| Task brief |
Below, locate the line that contains "John Deere Diesel". Repeat exactly from that line to the line that contains "纯色简约一体化的厨房,视线所及之处皆是雅韵", inclusive, leaving out the pictures.

| Task inputs |
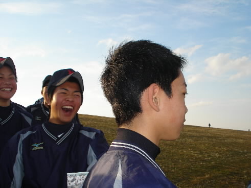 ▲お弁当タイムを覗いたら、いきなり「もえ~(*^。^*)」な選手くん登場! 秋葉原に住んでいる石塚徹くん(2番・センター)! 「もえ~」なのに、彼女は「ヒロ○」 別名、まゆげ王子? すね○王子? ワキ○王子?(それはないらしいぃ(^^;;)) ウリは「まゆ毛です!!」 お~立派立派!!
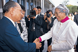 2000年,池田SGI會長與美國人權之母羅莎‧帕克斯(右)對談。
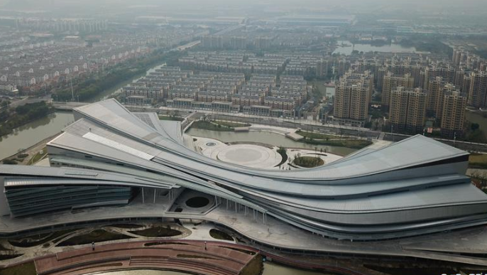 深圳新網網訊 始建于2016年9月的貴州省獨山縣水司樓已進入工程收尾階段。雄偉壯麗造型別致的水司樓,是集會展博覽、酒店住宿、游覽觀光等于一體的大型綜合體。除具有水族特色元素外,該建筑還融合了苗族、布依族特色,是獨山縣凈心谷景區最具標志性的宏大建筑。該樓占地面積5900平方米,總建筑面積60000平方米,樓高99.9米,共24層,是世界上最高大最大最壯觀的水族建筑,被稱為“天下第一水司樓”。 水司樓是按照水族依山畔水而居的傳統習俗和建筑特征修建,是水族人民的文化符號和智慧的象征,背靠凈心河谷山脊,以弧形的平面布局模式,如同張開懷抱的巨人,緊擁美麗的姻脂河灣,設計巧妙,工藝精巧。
* * *
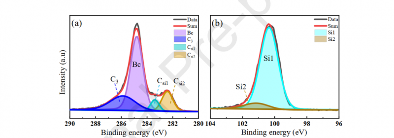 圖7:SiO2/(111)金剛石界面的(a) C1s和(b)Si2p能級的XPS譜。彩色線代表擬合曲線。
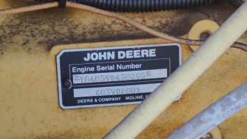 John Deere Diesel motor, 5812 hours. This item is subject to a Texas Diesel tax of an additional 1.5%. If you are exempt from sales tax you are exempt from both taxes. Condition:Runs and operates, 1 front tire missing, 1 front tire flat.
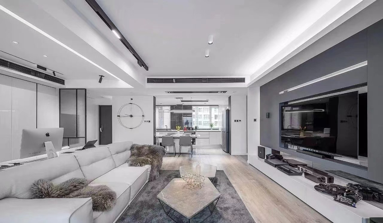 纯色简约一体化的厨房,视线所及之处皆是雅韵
--
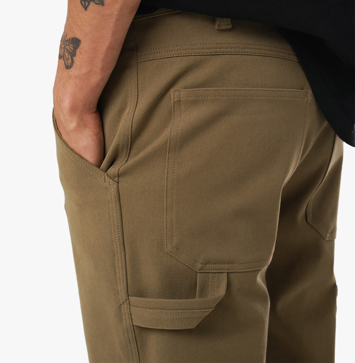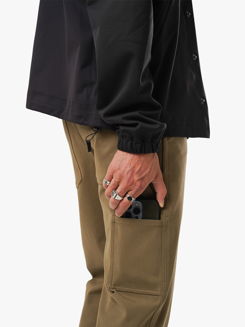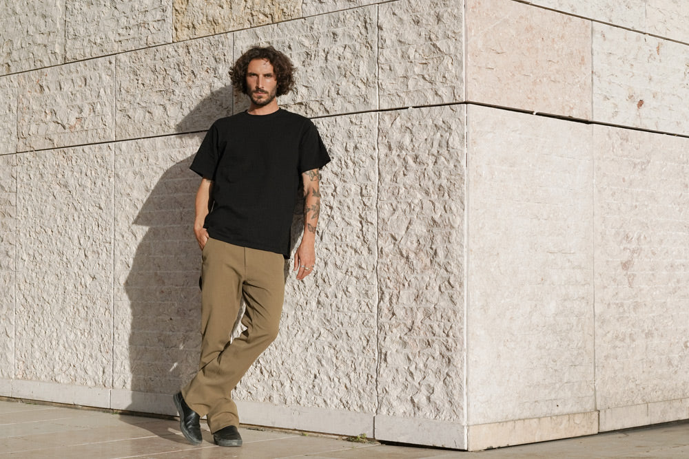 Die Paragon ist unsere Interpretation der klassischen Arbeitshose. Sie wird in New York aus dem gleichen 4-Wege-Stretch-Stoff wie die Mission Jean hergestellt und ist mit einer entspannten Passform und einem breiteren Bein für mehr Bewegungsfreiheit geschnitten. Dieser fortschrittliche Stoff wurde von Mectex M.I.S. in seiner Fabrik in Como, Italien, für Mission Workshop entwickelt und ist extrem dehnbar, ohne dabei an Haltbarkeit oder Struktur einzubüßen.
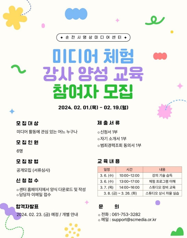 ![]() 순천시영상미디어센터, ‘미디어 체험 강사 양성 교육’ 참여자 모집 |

| Solution for this exercise |
 John Deere Diesel motor, 5812 hours. This item is subject to a Texas Diesel tax of an additional 1.5%. If you are exempt from sales tax you are exempt from both taxes. Condition:Runs and operates, 1 front tire missing, 1 front tire flat.
 纯色简约一体化的厨房,视线所及之处皆是雅韵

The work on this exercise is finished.